Kong, Xianggang, Yu, You, Ma, Shenggui, Gao, Tao, Xiao, Chengjian, Chen, Xiaojun
RSC advances 2017 v.7 no.56 pp. 35239-35250
adsorption, ceramics, dissociation, electrons, energy, gases, lithium, molecular dynamics, tritium
Hydrogen molecules in a purge gas are known to enhance the release of tritium from lithium ceramic materials, which has been demonstrated in numerous in-pile experiments. The static computational results suggest that the molecular adsorption of H₂ on the “ideal” Li₂O/hydrogenated-Li₂O (111) surface encounters high dissociation barriers in various entrance channels. The surface chemical inertness of the plane can be broken by introducing vacancy defects.

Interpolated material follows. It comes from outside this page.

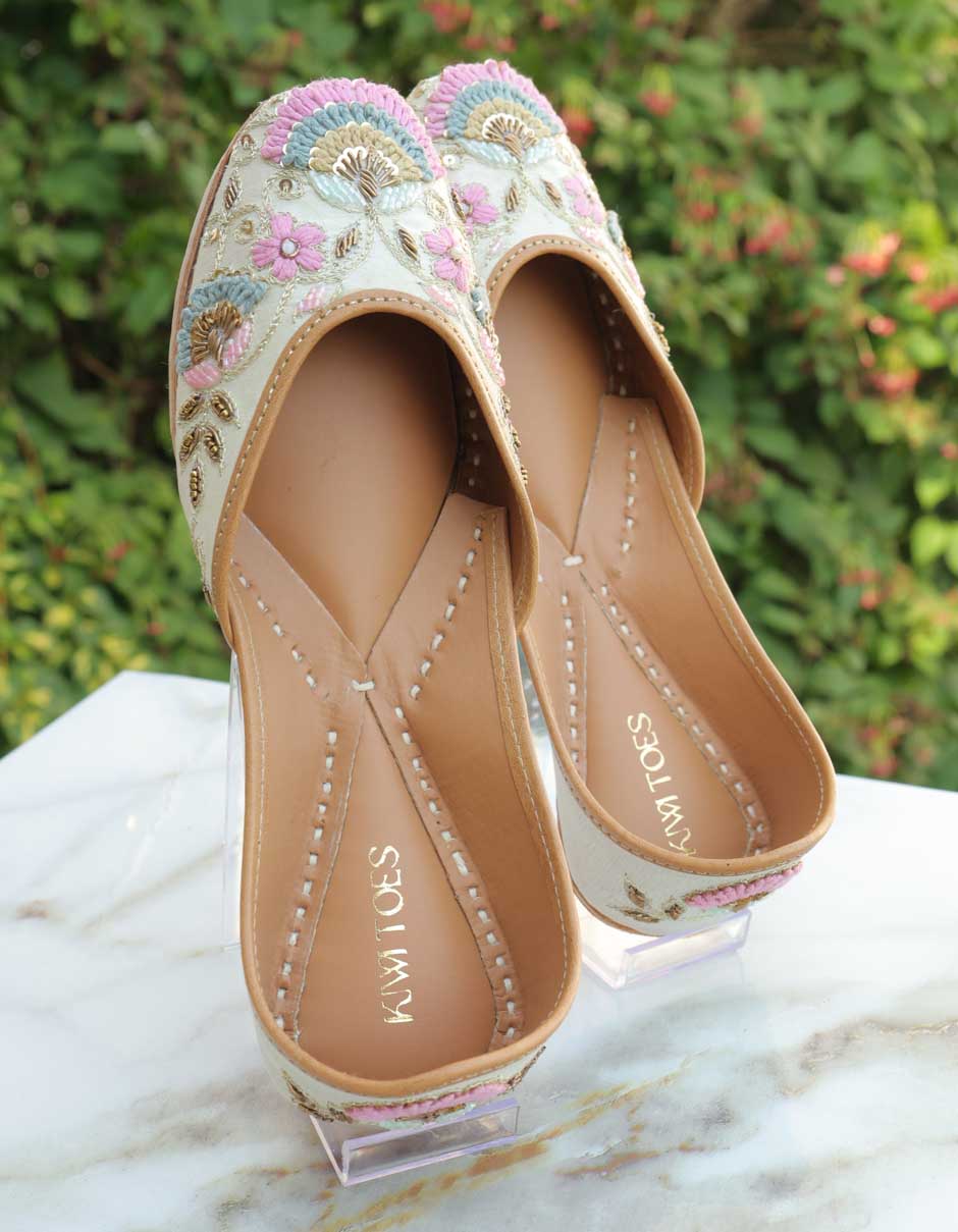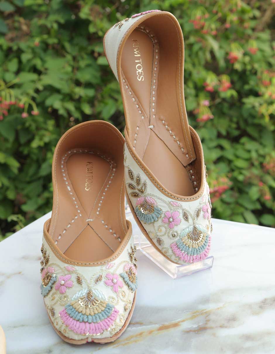Grace your ethnic style with Urvashi by Kiwi Toes, a delicately handcrafted pair of ethnic juttis designed to reflect elegance, charm, and refined craftsmanship. Set on a subtle ivory base, these juttis are adorned with intricate hand embroidery in pastel pink, powder blue, and soft gold accents, creating a graceful and feminine appeal.

In the present work, a combination of static DFT calculations and ab initio molecular dynamics has been performed to investigate the H₂ dissociative mechanism. Our theoretical results, that the end-on oriented H₂ could dissociate on the hydrogen monomer vacancy surface with one hydrogen atom ejected into the gas phase by the abstraction channel and the parallel H₂ molecule dissociates on the hydrogen dimer vacancy surface with two hydroxyls forming, suggest that hydrogen vacancy defects facilitate the adsorption and dissociation of H₂ molecule. The presence of the O²⁻ ion induced by the hydrogen vacancy provides some low energy states in which the H₂ electrons can be accommodated. This is very instructive for the comprehension of phenomena that occur during the operation of a thermonuclear reactor.